The ribosomes, messenger RNAs, enzymes and other components needed for the synthesis of chloroplast-encoded proteins are different from those used for the synthesis of nuclear-encoded proteins. The numbers and functions of specific initiation factors in the plastid are considerably different from those of the cytosol. Bioinformatic analysis has shown that plastids have homologs to the bacterial initiation factors IF1, IF2 and IF3. Similarly, the elongation factors, the termination factors and the ribosome recycling factor of plastids have sequence homology to the bacterial equivalents rather than the eukaryotic ones.
Plastid ribosomes contain homologs of almost all the ribosomal proteins found in bacteria, but there are also plastid-specific ribosomal proteins (PSRPs) that have no bacterial equivalents. The number of these PSRPs varies between different plant species; for example, spinach chloroplast ribosomes have six of them, four in the small subunit and two in the large subunit. It has been suggested that some of the PSRPs may have roles in the regulation of protein synthesis by light, an important property of chloroplasts but not of mitochondria or the majority of bacteria.
One of the key differences between the translation systems of the chloroplast and cytosol is the way in which the initiation signal on the mRNA is selected. While cytosolic mRNAs have a 5′ cap, which flags the 5′ end for initiation factors, plastid mRNAs are not capped. Like bacterial mRNAs, they are often transcribed in the first instance as polycistronic messages with the potential to be translated to several proteins.
In bacterial systems, the correct AUG codon for initiation is selected by the 16S rRNA in the small (30S) subunit, which can base-pair with a short sequence found just upstream of the initiation AUG. This sequence, which is called the Shine/Dalgarno sequence after its discoverers, directs selection of the start codon by the 30S subunit. The secondary structure of the mRNA is also important in determining the efficiency of translational initiation.

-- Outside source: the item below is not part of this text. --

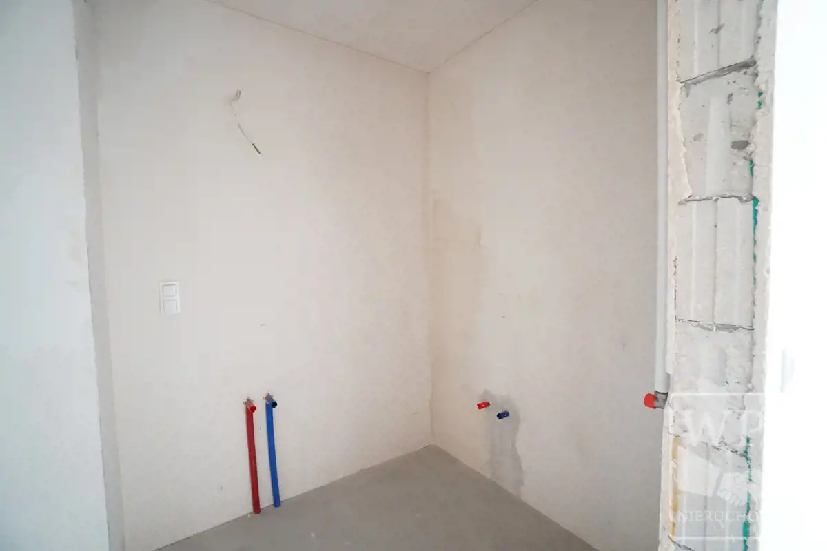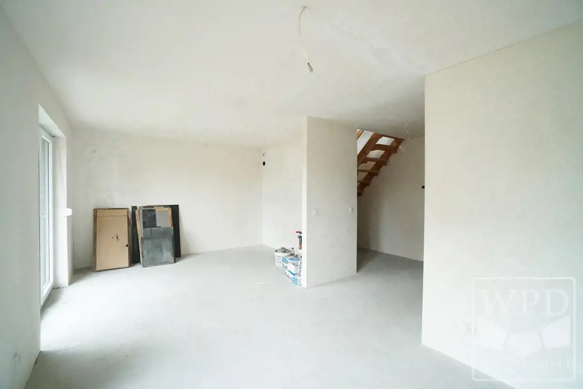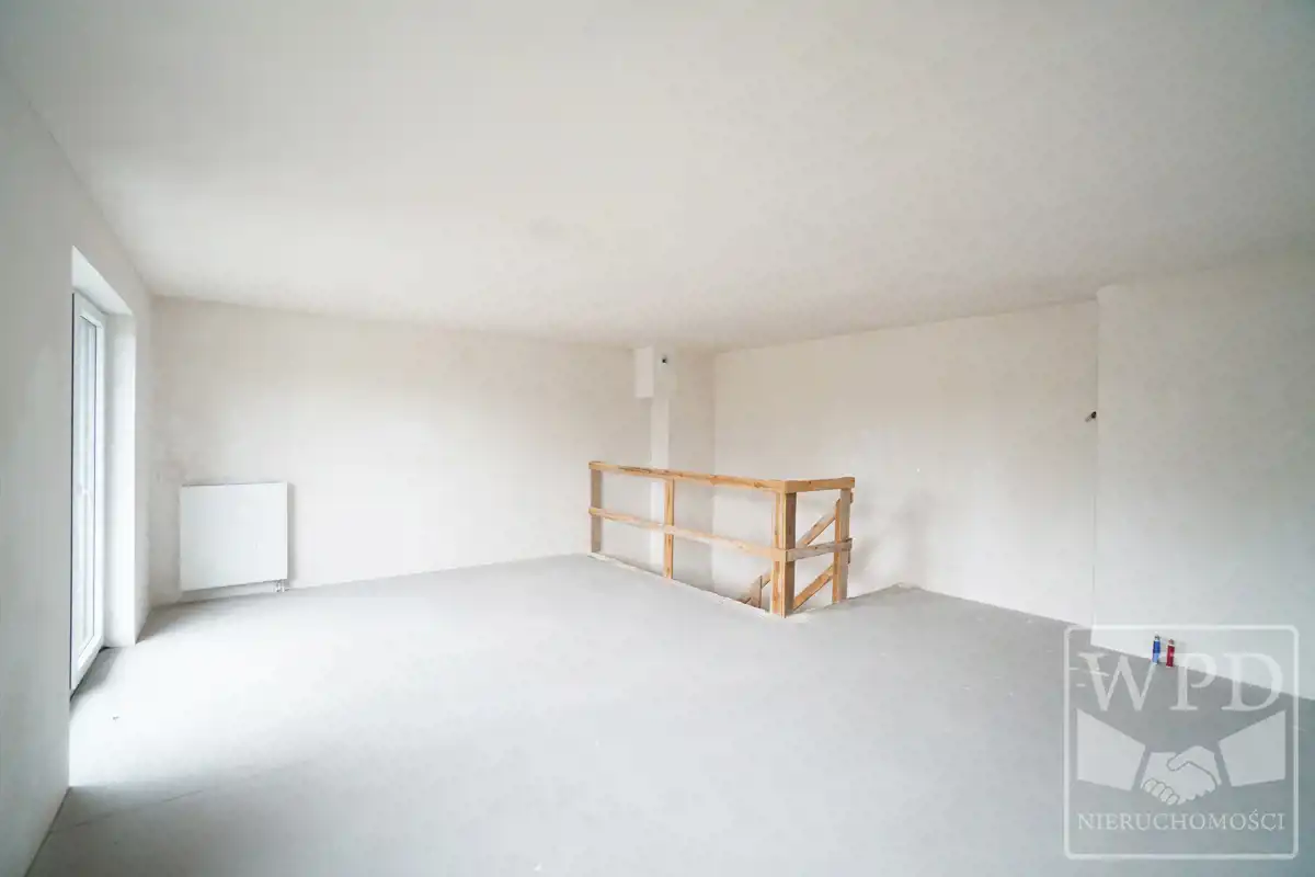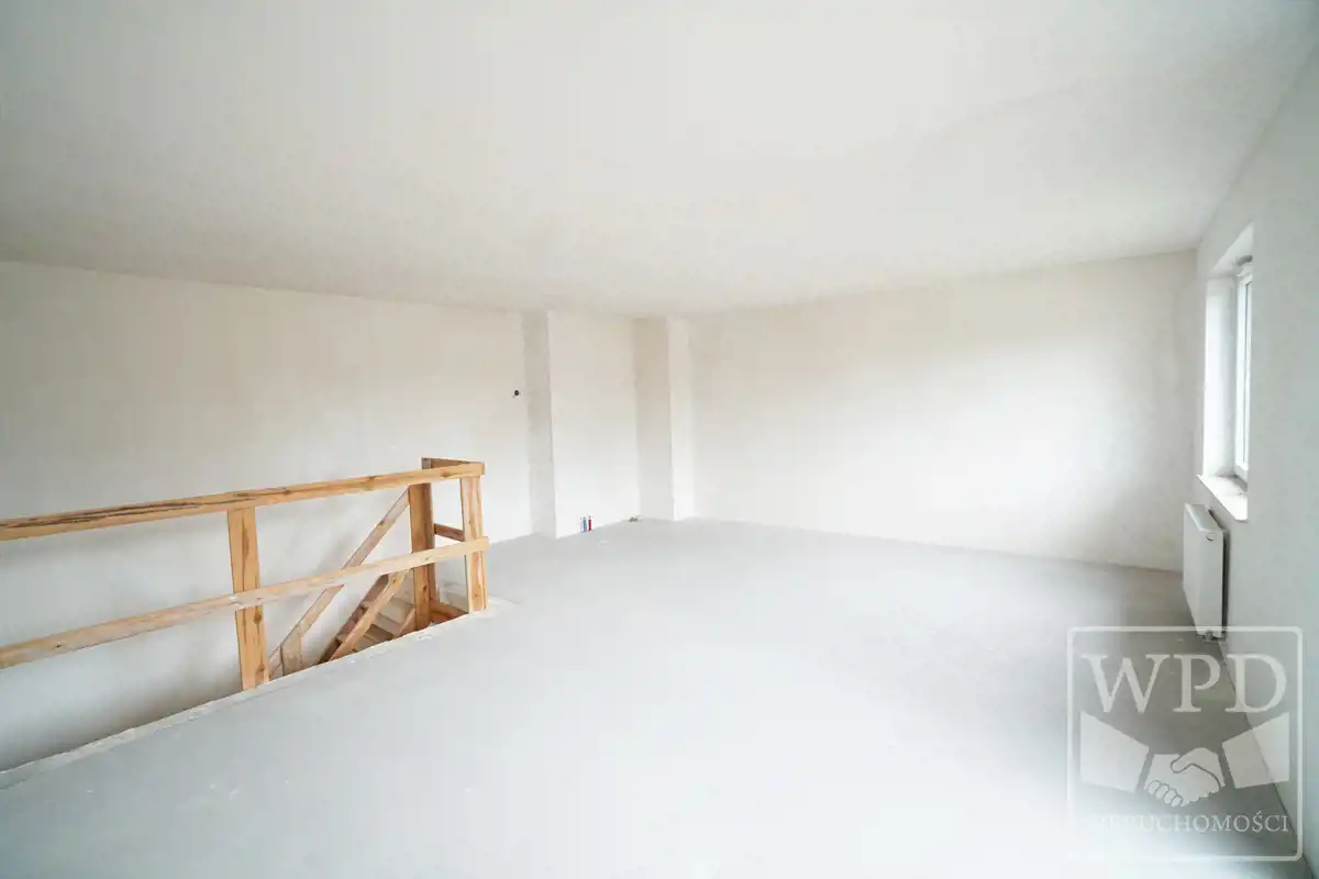 Na drugim poziomie znajdziemy pustą przestrzeń, która została przygotowana pod możliwość wydzielenia miejsca na łazienkę, dwa pokoje w tym jeden z balkonem oraz przedpokój.

The plastids of some plants use a mechanism similar to the bacterial system. In such species, the chloroplast mRNAs contain a Shine/Dalgarno sequence upstream from the start codon (Figure 3.47). This sequence, together with the secondary structure of the mRNA surrounding the start codon, plays an important role in initiation of translation. In contrast, plastid mRNAs of other plant species do not contain a Shine/Dalgarno sequence within 20 nucleotides of the start codon. In these mRNAs the translational start site is specified by the presence of an AUG region of the mRNA with little or no secondary structure (Figure 3.48) and evidence suggests that in many of these cases a nuclear-encoded protein is also required to facilitate initiation.